## WHAT YOU WILL DO:
Below are the records; give again exactly the lines from the one containing "BROWN, Benjamin Chambers, (American, 1865-1942): ''Entrance" through the one containing "中山間地域は、いもち病だけで", leaving out pictures.

## INFORMATION:
■ ■ ■ ■

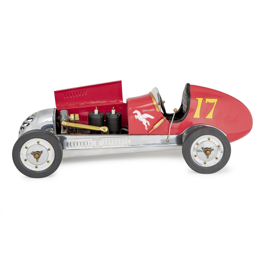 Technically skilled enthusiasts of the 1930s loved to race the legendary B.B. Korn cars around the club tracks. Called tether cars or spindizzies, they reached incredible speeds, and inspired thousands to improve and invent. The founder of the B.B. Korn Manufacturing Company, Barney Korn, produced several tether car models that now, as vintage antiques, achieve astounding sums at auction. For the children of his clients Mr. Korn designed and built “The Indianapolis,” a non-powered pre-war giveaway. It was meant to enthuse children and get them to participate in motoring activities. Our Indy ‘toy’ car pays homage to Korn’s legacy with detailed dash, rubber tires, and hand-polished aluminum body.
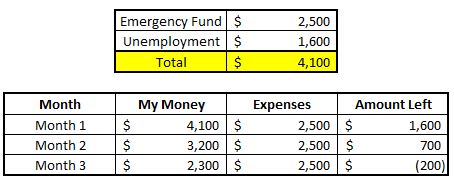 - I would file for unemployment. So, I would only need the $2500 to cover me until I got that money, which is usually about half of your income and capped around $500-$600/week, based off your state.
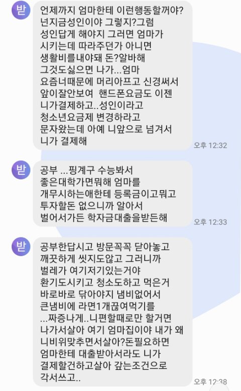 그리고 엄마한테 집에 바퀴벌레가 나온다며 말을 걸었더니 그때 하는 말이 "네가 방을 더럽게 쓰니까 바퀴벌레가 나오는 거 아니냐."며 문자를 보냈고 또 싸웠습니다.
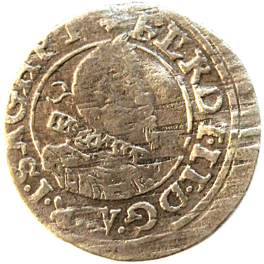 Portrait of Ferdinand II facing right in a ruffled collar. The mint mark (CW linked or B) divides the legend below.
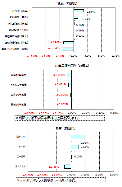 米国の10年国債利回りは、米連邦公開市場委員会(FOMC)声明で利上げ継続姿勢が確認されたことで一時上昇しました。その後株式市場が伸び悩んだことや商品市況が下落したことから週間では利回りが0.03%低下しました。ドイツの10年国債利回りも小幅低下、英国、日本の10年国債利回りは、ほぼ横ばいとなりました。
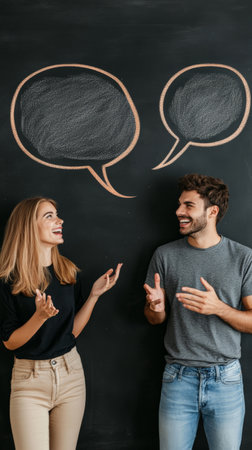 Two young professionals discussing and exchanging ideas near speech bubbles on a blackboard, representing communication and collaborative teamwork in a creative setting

■ ■ ■ ■

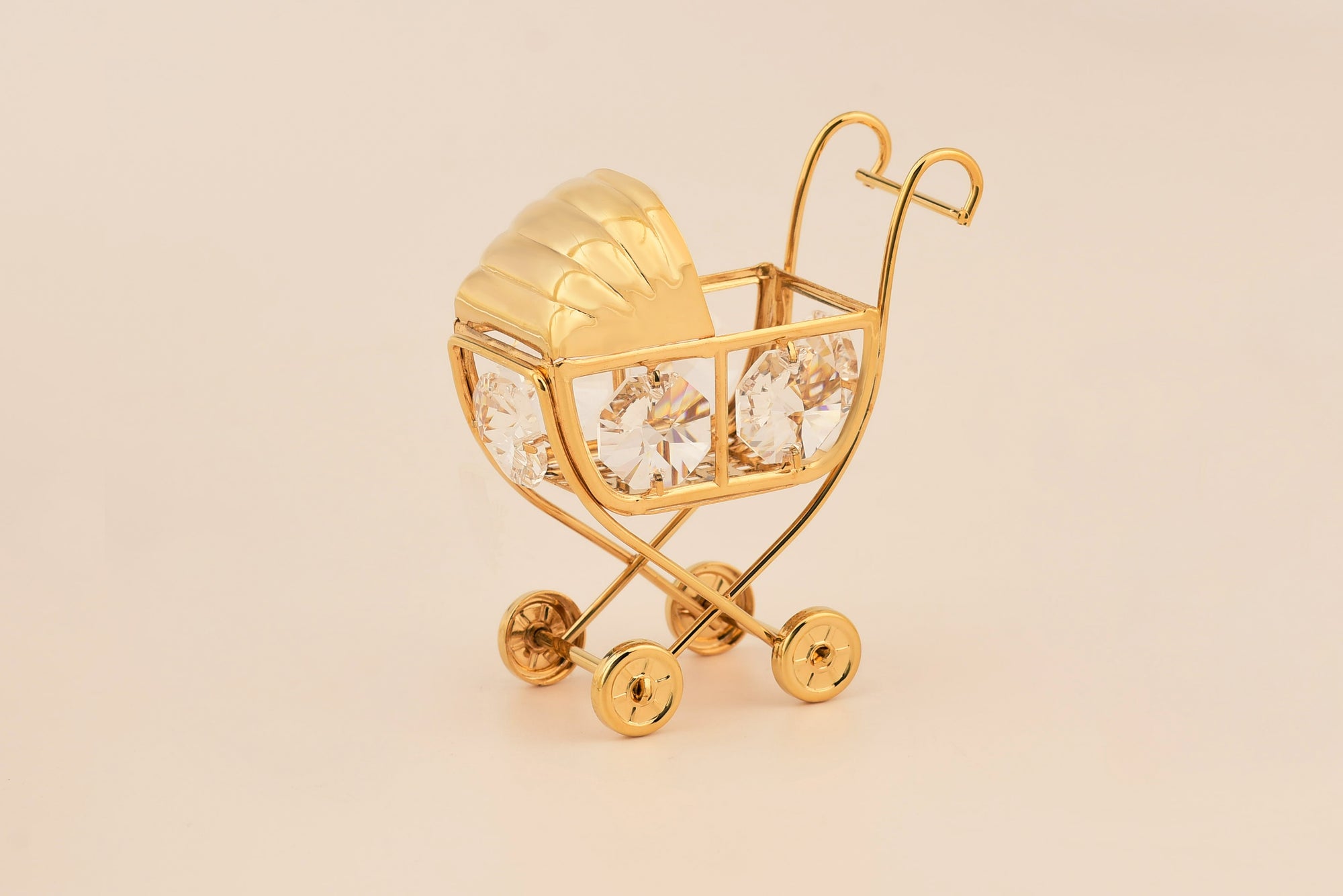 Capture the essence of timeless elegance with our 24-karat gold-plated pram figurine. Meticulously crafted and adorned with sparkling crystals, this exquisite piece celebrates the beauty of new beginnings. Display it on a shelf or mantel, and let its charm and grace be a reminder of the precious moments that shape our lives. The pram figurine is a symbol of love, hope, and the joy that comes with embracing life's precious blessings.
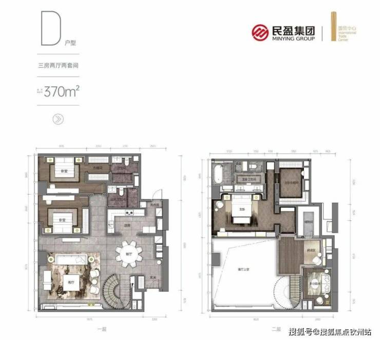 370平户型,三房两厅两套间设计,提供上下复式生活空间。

■ ■ ■ ■

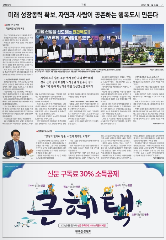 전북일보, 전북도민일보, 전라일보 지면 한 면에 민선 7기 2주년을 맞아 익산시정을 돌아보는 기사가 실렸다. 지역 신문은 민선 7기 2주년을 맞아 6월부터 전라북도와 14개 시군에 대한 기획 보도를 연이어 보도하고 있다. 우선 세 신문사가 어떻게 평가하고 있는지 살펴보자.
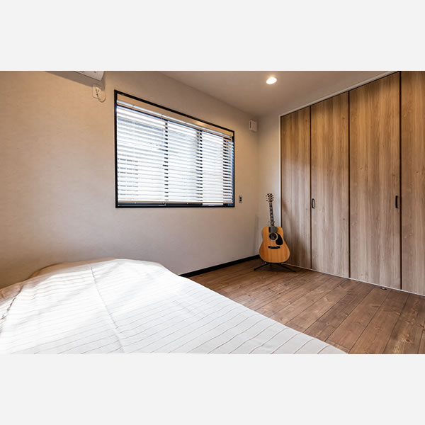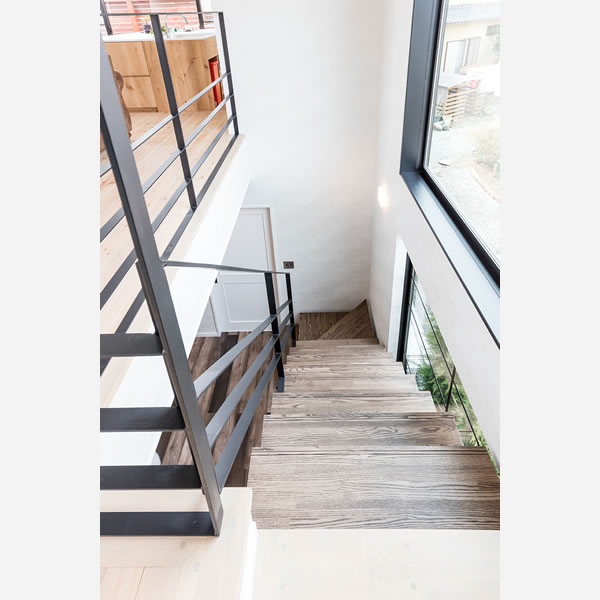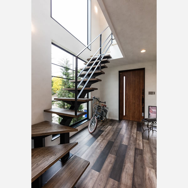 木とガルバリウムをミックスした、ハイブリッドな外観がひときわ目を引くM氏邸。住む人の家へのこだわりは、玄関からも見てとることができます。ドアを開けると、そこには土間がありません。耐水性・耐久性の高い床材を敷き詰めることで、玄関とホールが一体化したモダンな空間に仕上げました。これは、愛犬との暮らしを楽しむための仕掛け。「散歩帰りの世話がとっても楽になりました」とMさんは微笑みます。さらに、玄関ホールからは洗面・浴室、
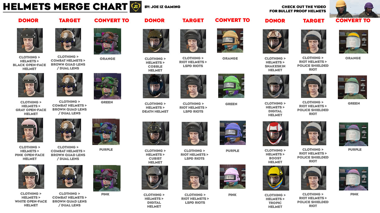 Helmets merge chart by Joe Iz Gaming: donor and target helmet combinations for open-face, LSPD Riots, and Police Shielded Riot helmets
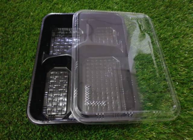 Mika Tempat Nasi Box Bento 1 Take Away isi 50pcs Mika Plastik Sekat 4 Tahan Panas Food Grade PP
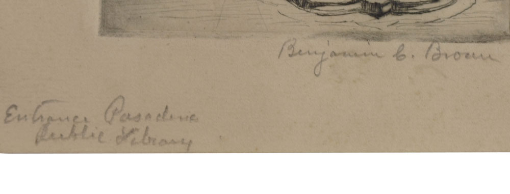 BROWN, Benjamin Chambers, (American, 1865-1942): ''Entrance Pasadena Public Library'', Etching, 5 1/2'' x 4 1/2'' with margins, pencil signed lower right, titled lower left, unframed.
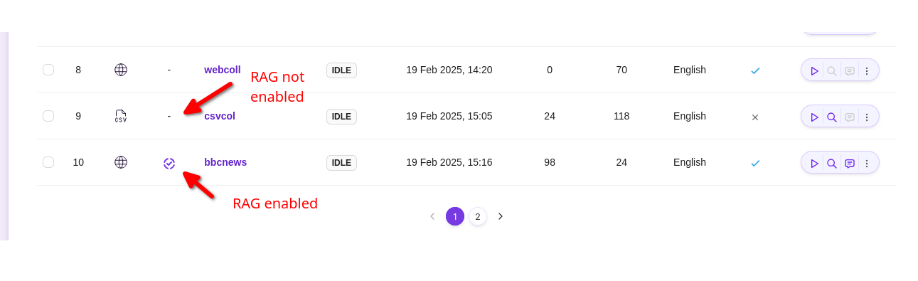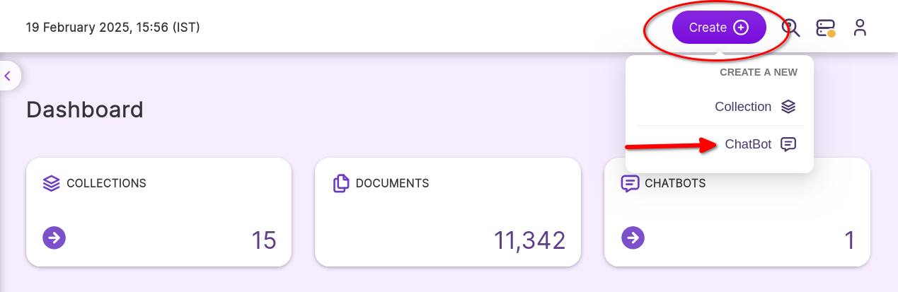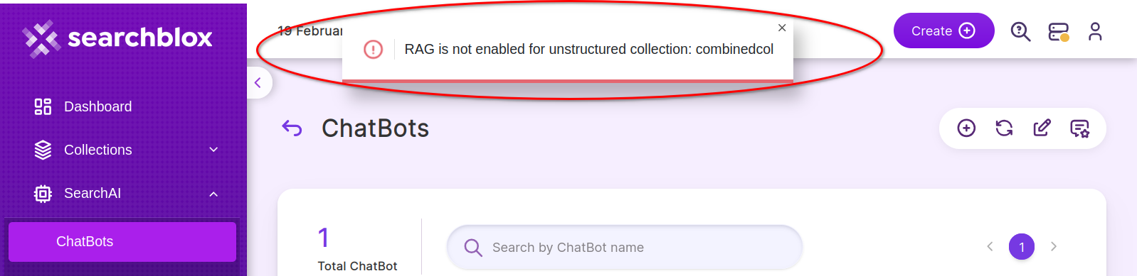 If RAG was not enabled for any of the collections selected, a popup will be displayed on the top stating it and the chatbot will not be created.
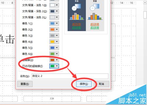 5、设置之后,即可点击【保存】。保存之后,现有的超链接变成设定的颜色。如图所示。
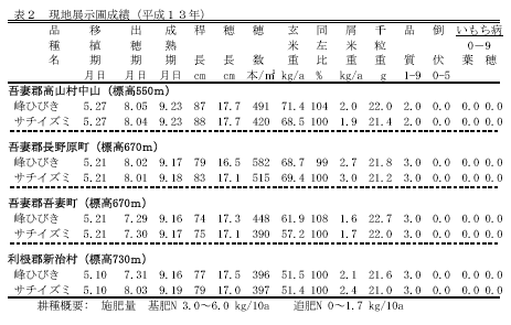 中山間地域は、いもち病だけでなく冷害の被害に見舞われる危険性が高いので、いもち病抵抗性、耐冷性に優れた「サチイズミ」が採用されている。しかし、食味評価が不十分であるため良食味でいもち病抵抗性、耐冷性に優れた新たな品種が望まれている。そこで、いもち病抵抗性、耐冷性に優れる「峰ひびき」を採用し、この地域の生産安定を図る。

■ ■ ■ ■

## RESULT OF THIS TASK:
 BROWN, Benjamin Chambers, (American, 1865-1942): ''Entrance Pasadena Public Library'', Etching, 5 1/2'' x 4 1/2'' with margins, pencil signed lower right, titled lower left, unframed.
 If RAG was not enabled for any of the collections selected, a popup will be displayed on the top stating it and the chatbot will not be created.
 5、设置之后,即可点击【保存】。保存之后,现有的超链接变成设定的颜色。如图所示。
 中山間地域は、いもち病だけでなく冷害の被害に見舞われる危険性が高いので、いもち病抵抗性、耐冷性に優れた「サチイズミ」が採用されている。しかし、食味評価が不十分であるため良食味でいもち病抵抗性、耐冷性に優れた新たな品種が望まれている。そこで、いもち病抵抗性、耐冷性に優れる「峰ひびき」を採用し、この地域の生産安定を図る。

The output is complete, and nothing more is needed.